← Back to dbsql

Window Functions and CTEs Introduction

2 min read

Session 5

Last time

We saw:

  • OLAP vs OLTP databases
  • ERD and how to generate it in pgAdmin, also generating the SQL that creates the schema
  • insertion, update and deletion anomalies
  • the problem with NULL values and why it's best to avoid them
  • anomalies
  • normalization
  • normal forms: 1NF, 2NF, 3NF

We started working on the normalization of the trees table


recap normalization on the domain column

Taking the column domain as example, let's first make sure that the column is a good candidate for normalization

domain is a categorical column, with null values and many uniques.

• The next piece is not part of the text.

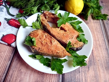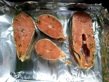 Захотелось нам попробовать запеченной красной рыбки. На сайте нашла рецепт сочных стейков горбуши в духовке в фольге. Этот способ устроил меня составом маринада и способом запекания.

We have inserts, updates and deletion anomalies. normalization is a must.

The process has the following steps:

  1. create the new table with correct values
  • create a new domains table (id, domain)
  • import UNIQUE and NOT NULL domain values from trees to the table domains.
    • Best if values are sorted alphabetically.
    • extra processing may be needed: lowercase, trim, remove special characters
  1. reconcile the data in the main trees table
  • add a domain_id key in the trees table
  • reconcile the foreign key with the primary key: trees.domain_id with the domain.id
  • add a constraint on that key so that it is a foreign key in the trees table referencing the domains table
  1. check and clean
  • check that all trees records have a valid domain_id
  • drop the domain column in trees

Today and next time

Window functions and CTEs

We'll use the movies db dataset to work with:

  • window functions : ROW_NUMBER(), RANK(), ... , OVER(Partition by ...)
  • Common Table Expressions : WITH ... AS (sql) SELECT ....
  • practice on the trees db

EOD

  • you can write queries using window function and CTEs